(Information Opens)

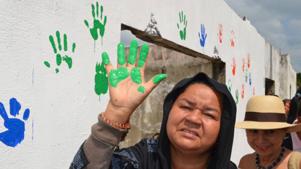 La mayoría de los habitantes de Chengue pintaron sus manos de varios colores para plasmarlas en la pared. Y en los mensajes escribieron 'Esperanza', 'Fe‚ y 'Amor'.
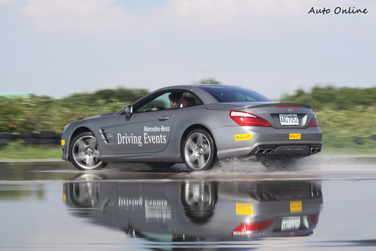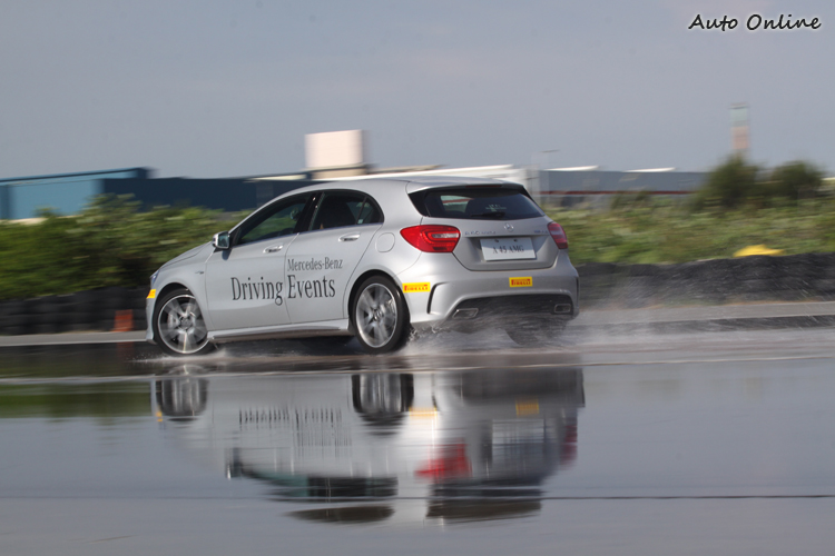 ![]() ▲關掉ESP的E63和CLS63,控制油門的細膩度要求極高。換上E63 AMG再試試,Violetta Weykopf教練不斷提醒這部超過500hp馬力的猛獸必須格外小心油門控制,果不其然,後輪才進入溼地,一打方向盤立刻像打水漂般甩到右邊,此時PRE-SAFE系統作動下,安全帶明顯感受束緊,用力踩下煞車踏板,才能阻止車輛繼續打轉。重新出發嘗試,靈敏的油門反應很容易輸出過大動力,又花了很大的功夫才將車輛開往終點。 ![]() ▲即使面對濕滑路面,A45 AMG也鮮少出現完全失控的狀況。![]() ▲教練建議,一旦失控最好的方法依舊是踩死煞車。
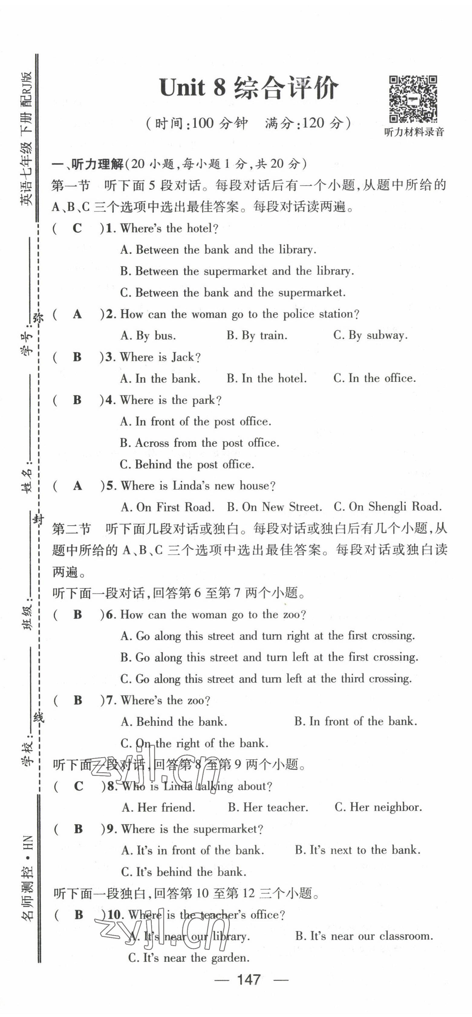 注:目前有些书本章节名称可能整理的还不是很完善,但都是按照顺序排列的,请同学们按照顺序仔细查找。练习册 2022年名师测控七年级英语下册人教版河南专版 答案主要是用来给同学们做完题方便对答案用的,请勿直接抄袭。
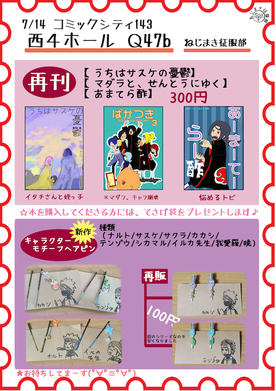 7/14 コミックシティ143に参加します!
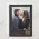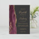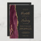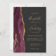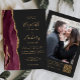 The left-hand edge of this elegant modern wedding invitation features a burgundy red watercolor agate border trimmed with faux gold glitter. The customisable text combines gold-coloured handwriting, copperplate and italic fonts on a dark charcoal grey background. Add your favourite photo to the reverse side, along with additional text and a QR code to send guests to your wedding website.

(Information Closes)
(Information Opens)

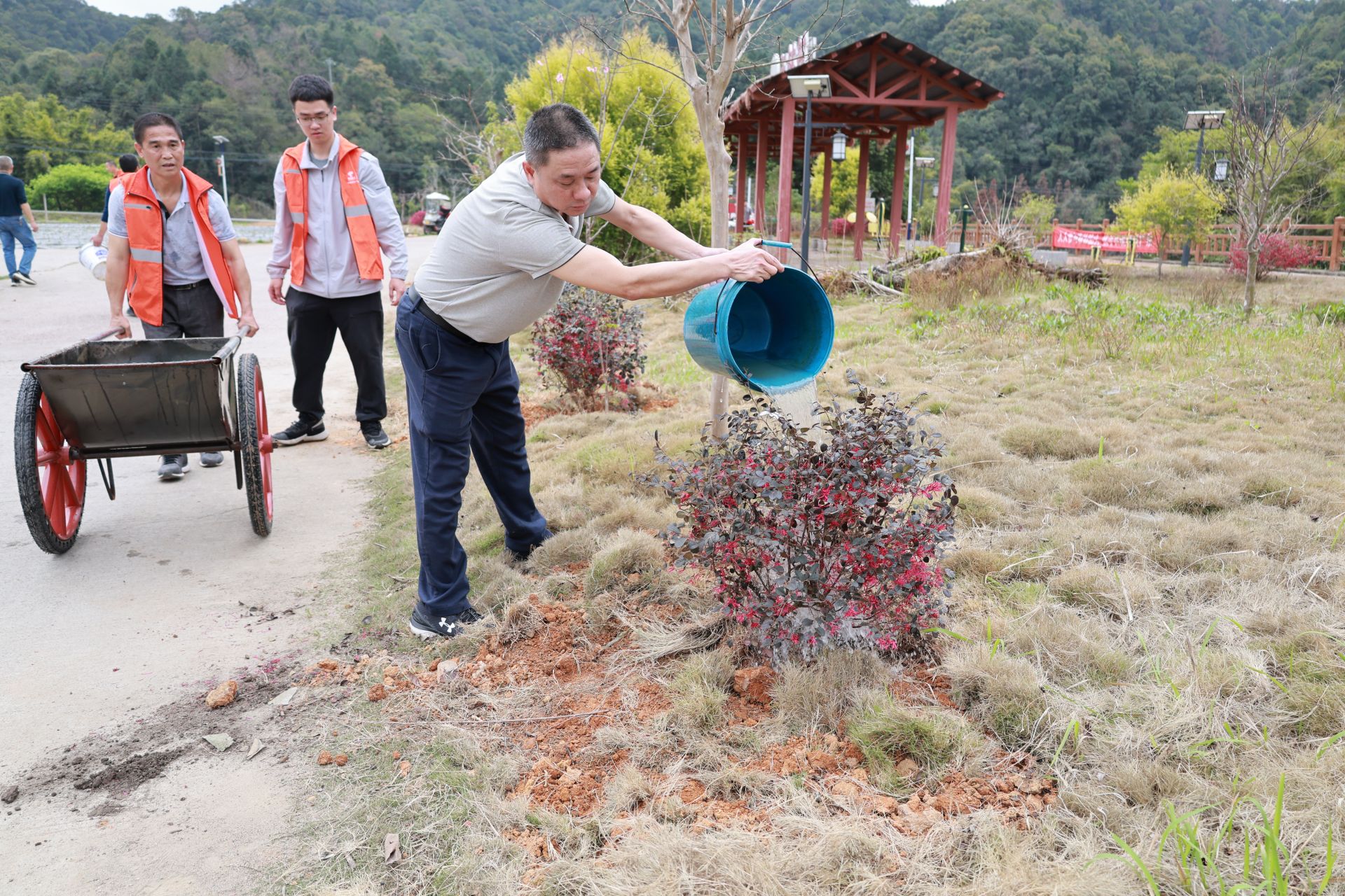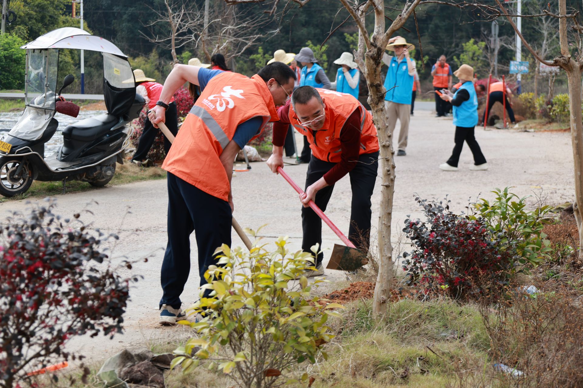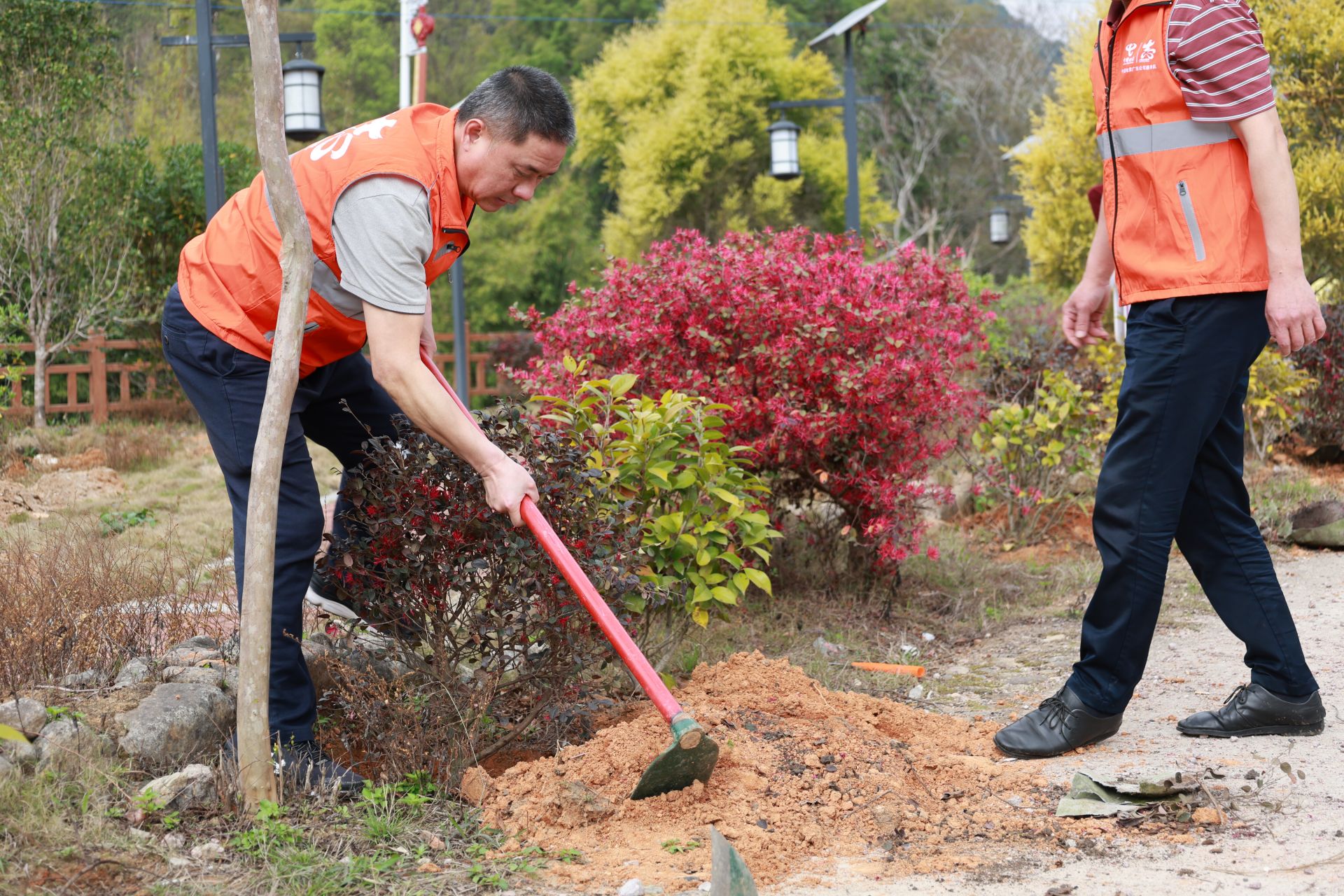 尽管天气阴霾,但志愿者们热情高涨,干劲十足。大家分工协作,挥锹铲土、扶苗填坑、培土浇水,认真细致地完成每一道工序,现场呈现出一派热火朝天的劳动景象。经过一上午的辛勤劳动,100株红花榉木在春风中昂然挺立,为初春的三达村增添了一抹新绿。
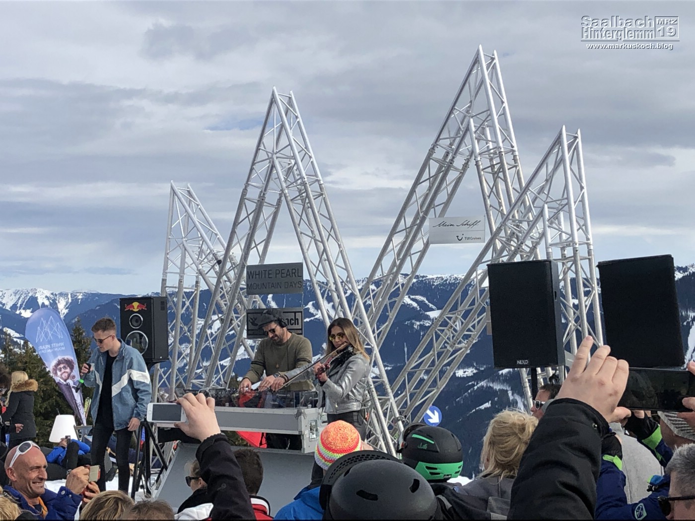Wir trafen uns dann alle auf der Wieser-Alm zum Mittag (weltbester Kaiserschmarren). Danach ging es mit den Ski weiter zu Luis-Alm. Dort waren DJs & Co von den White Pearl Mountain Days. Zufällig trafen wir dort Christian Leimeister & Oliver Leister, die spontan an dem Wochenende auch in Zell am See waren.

(Information Closes)
(Information Opens)

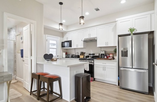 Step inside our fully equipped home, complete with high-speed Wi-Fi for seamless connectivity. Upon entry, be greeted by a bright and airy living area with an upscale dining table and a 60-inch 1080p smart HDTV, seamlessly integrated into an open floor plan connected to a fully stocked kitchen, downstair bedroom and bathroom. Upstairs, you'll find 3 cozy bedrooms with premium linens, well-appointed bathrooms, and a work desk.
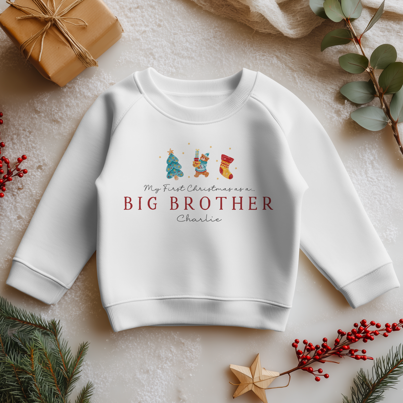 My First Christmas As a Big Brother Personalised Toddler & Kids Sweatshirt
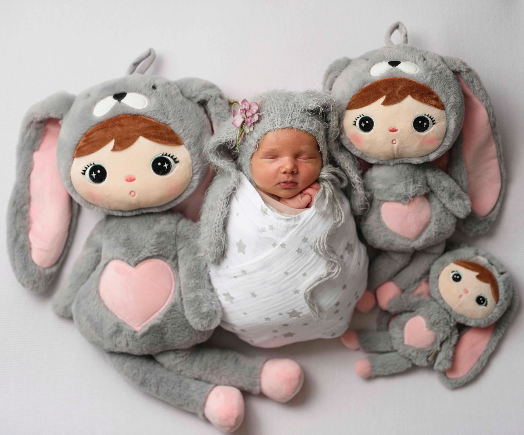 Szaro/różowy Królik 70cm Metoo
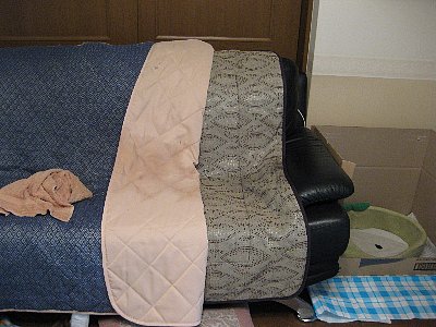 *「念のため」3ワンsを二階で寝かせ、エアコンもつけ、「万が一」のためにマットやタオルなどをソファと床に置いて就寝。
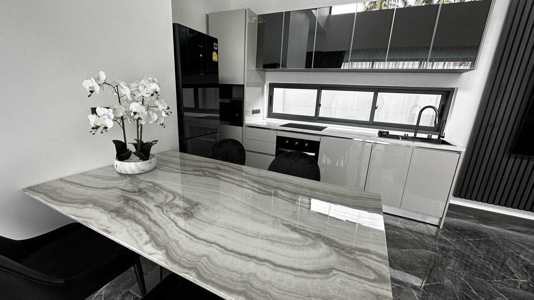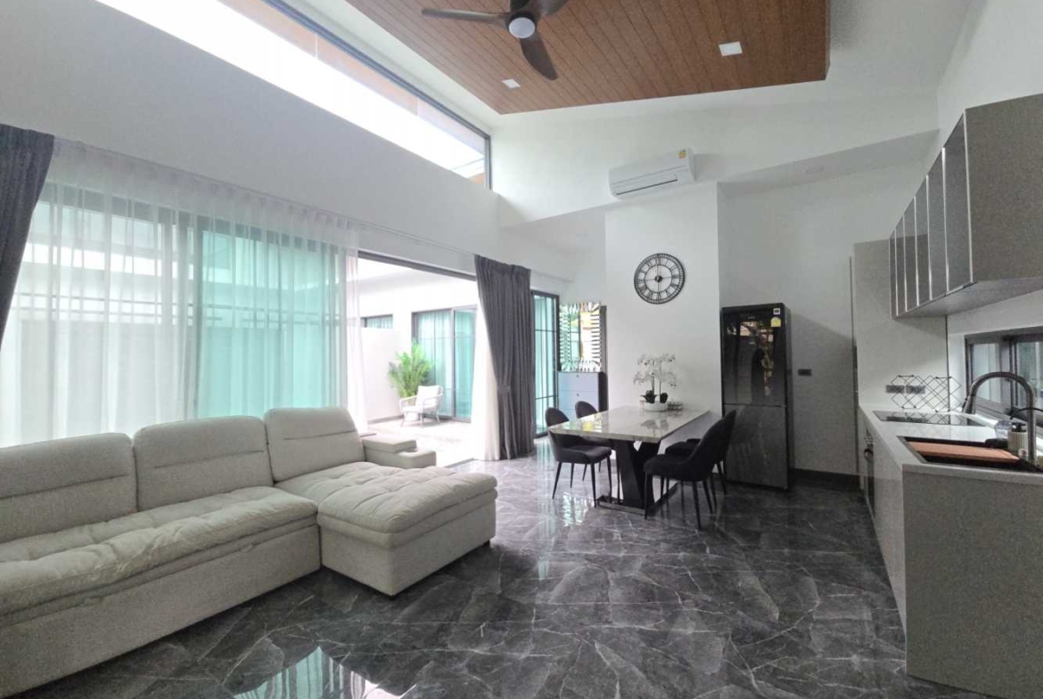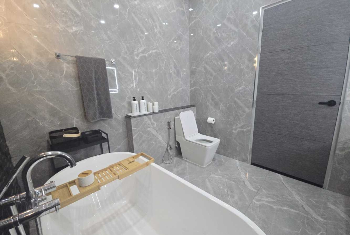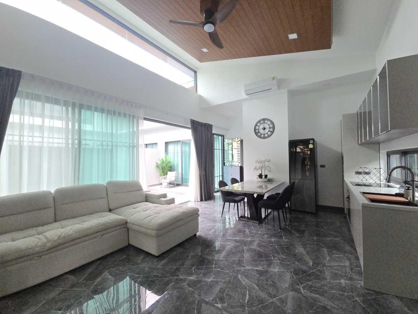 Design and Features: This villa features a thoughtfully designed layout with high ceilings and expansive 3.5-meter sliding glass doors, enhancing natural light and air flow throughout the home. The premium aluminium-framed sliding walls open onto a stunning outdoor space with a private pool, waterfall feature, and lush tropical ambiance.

(Information Closes)

### Problem statement:
Return exactly the lines of the material above, starting at the line containing "Step inside our" and finishing at the line containing "Design and Features: This", without any pictures.

### Result for this task:
 Step inside our fully equipped home, complete with high-speed Wi-Fi for seamless connectivity. Upon entry, be greeted by a bright and airy living area with an upscale dining table and a 60-inch 1080p smart HDTV, seamlessly integrated into an open floor plan connected to a fully stocked kitchen, downstair bedroom and bathroom. Upstairs, you'll find 3 cozy bedrooms with premium linens, well-appointed bathrooms, and a work desk.
 My First Christmas As a Big Brother Personalised Toddler & Kids Sweatshirt
 Szaro/różowy Królik 70cm Metoo
 *「念のため」3ワンsを二階で寝かせ、エアコンもつけ、「万が一」のためにマットやタオルなどをソファと床に置いて就寝。
 Design and Features: This villa features a thoughtfully designed layout with high ceilings and expansive 3.5-meter sliding glass doors, enhancing natural light and air flow throughout the home. The premium aluminium-framed sliding walls open onto a stunning outdoor space with a private pool, waterfall feature, and lush tropical ambiance.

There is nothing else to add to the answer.